Though Fanning was born in Virginia and was living in South Carolina in
1775, he grew up in Johnston County (that part that's now Wake); for a time,
Needham Bryan Jr. (a well-known name in east-central NC) was his guardian,
his father and mother having both died while he was young. He was made a
colonel of the Loyalist militia  by Major James Craig of the British 82nd
Regiment while Craig was occupying Wilmington, NC. He was a colorful
character, reviled by Patriots (BTW, the "Patriots" tended to be called at
the time Whigs or Rebels, depending on who was talking.)  and even wrote a
narrative of his actions in the War. Fanning was one of only three men
specifically exempted by name from a post-War offer of pardon.

Lieut. Col. David Fanning, from Randolph County
(25) Not to be confused with Edmund Fanning. The two were radically
different, both in their persons and backgrounds, and probably not relatives
(at least not directly.) Fanning was a rather extraordinary individual, in
both good and bad ways, and any brief sketch of him is bound to fall very
short of the full man.
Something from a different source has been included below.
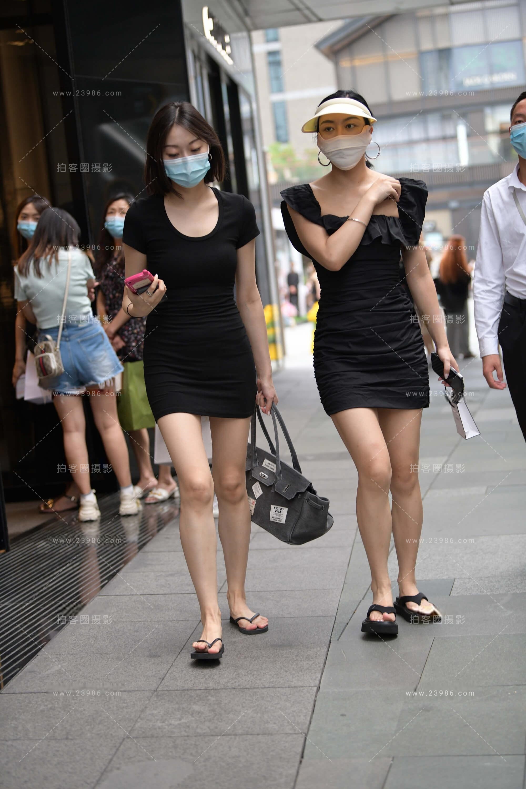 街拍黑色短裙,人字拖美眉

But we will try our best.
From the very early part of the war he acted as a loyalist, and was involved
in a number of scrapes, and skirmishes. At one point, he was taken prisoner
and made to suffer terribly in captivity (including being shackled naked in
the jail at Ninety Six.) Eventually, however, he was pardoned by Gov. John
Rutledge in 1779, and served in a Whig militia. When the British returned to
the Ninety-Six area in July 1780, he then served for a while under loyalist
William Cunningham.
Following this, with his own independent band of followers he then acted as
a partisan in South Carolina against the whigs. After King's Mountain he
removed to Randolph County in North Carolina where for a few months he was
involved in minor raids or skirmishes, often involving the abduction of
horses. After the British occupied Wilmington in February 1781, he was
elected head of the loyal militia in Randolph and Chatham counties; which
election Maj. James Craig validated, commissioning him lieutenant colonel.
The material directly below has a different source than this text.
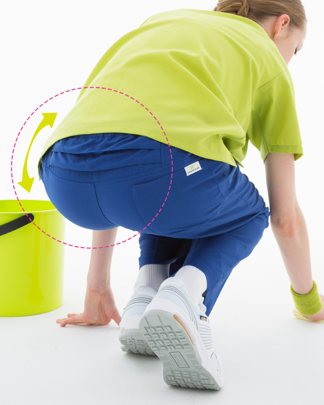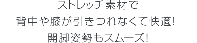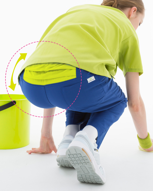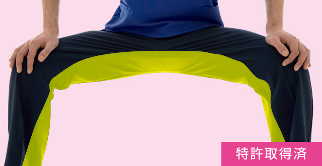 開脚運動をサポートするマチを股下部分に入れることにより、開脚姿勢をとった際の引きつれを防止し、快適に作業を行うことができます。

From that point on into 1782, Fanning was the terror of the rebels in
eastern North Carolina, carrying out some of the most incredible raids by a
militia leader in the entire war, including the capture of Governor Thomas
Burke. Despite his success, Caruthers (in his account of Raft Swamp in
October 1781) states that the Scotch loyalists of southeast N.C. would not
serve under him -- evidently insisting that they would act
only under their own Scotch officers.
Fanning himself has been described as unprincipled, and a malignant
freebooter. Even the British, some years after the war almost ended up
hanging him. Yet if only a purported scoundrel and a savage murderer of the
helpless,250 we are hard pressed to understand how he could have been at the
same time such a genuinely valiant and resourceful military leader. But then
this is part of the puzzle of David Fanning. His Narrative shows wit and
intelligence, and is one of the prime examples of Revolutionary War
autobiographies. Although colored by partisan bias, a useful survey of his
life and career also is contained in Caruthers' Revolutionary Incidents in
the Old North State, see CNS1pp. 33-69; also WNC pp. 84-85, WRM p.112, SLA1
pp. 417-418.
"David Fanning was a very interesting Ancestor to research. He was born in
Virginia in 1755. When the Revolutionary War started he felt loyal to
England and therefore fought for the English, called a "Loyalist". He
attained the rank of Colonel in the Randolph and Chatham Co's, NC Militia on
July 7, 1781. After the War, on May 17, 1782 the Act of pardon and Oblivion
passed, exempting him from pardon in NC. David and his wife were sent to
Florida, awaiting deportation to Canada. On September 23, 1784 they arrived
in St. John, New Brunswick, Canada. In 1799 the growing family moved to
Digby, Nova Scotia. David and his family remained there. In his later years,
David Fanning wrote a book about his experiences during the war.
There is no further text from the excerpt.